Hardhats for IT Project Managers (White Collar, Blue Collar, Polka-Collar)
Being a PM can be like being a General Contractor. Obviously, there is a very direct relationship. I know this is not going to win a Pulitzer. General Contractors have PMs. Still, there is another shade of metaphor here and I am going for with this impromptu post. See below, and know that there are definitely compound meanings in these bulleted items.
- You come across projects at various stages of completion and need to either pick up where the other folks left off, recommend a new direction, or tear everything down and start over, salvaging whatever you can. Sometimes, things are just bad, dangerous or otherwise not suitable for moving forward with. These are checkpoints (MSF) or milestones (PMI) or plain old sniff tests (life).

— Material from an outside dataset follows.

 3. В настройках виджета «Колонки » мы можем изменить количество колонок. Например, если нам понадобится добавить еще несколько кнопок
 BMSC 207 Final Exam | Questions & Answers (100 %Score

- Inception may occur when an effort is born anew. This is a common slipping point for PMs, I think. Sometimes you move faster by slowing down. Your effort has to be feasable (AUP) for it to be a true effort and not a fib.
- You need to keep the final goal in mind (project charter, scope doc, whatever you use), but approach the effort in a systematic and intelligent manner, one step at a time, one phase at a time, overlapping where possible and acting as a conductor, allocating resources and deallocating as needed (your SDLC is NOT your PLC but your PLC should be aware of your SDLC).

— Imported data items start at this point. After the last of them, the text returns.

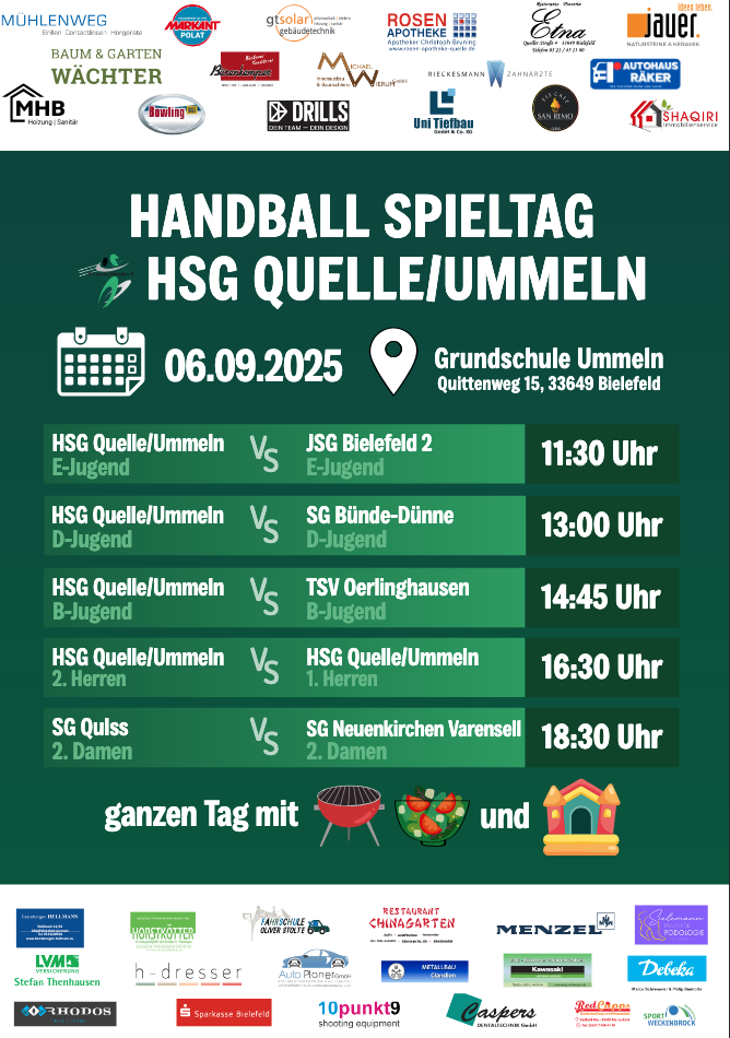 ![]() Von der HSG Quelle/Ummeln e.V. (Handball und mehr in Quelle und Ummeln) findet am 06.09. der erste Spieltag der neuen Handballsaison statt. |
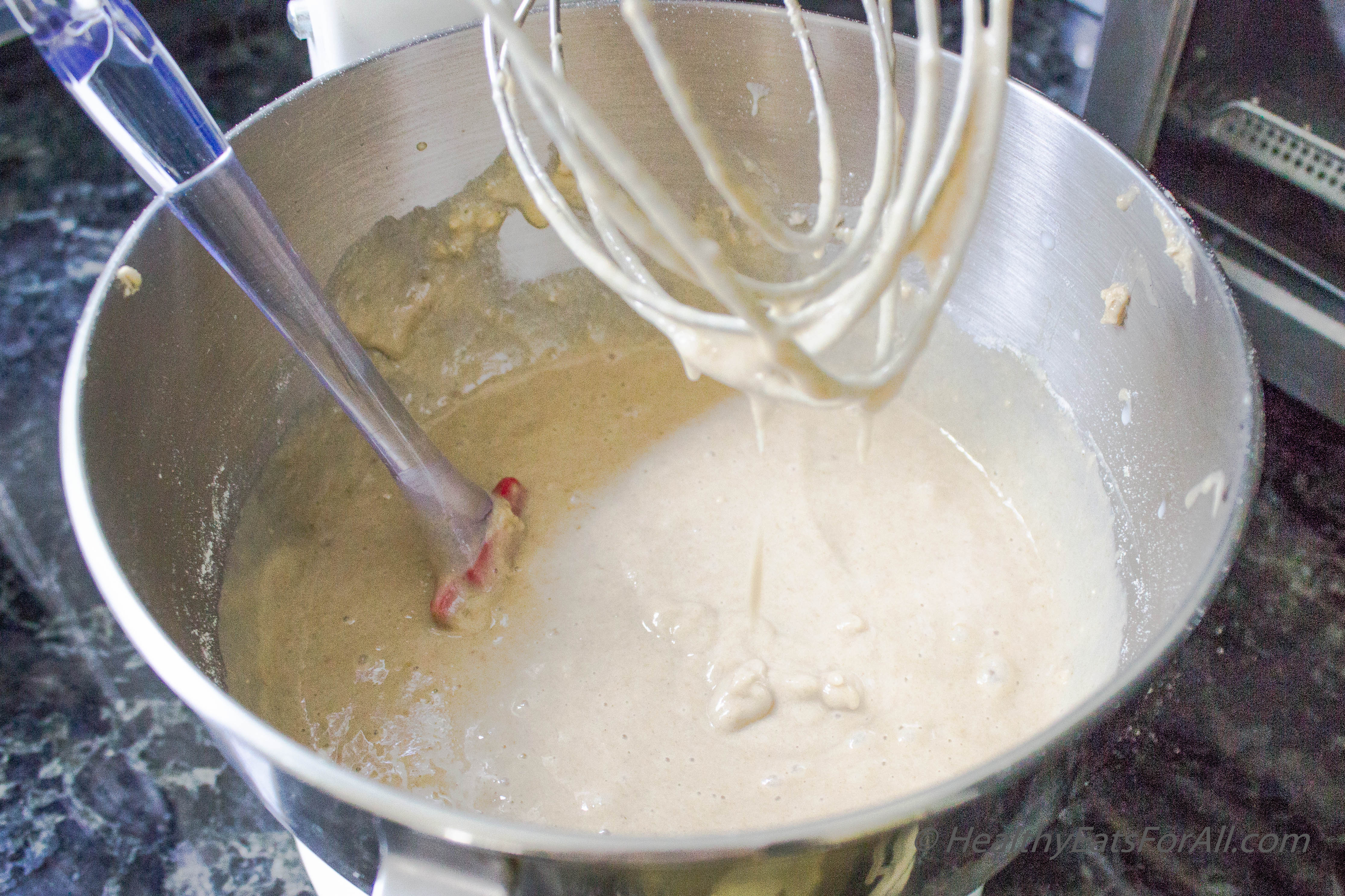 - Add the sugar and oil and vanilla to food mixer and blend well.
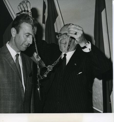 Foto in zwart-wit van de heer Tj. A. Hettinga, voorz...

- You need to watch what you are spending on subcontractors. You have a budget. If you have money left over, it’s a win. Unless you are grant-funded. In that case, spend all you can because if you don’t, you won’t get it next time. You must have a cousin who knows how to lay blacktop, no?
- You have to approach each job as an individual effort. You can’t show up at every job site with a hammer and jigsaw and expect to be able to handle whatever comes your way. Agility is key. Be ready to get ready, know what ready is, but be mindful of the clock. You need to expect the unexpected, but realize there is no drama in it.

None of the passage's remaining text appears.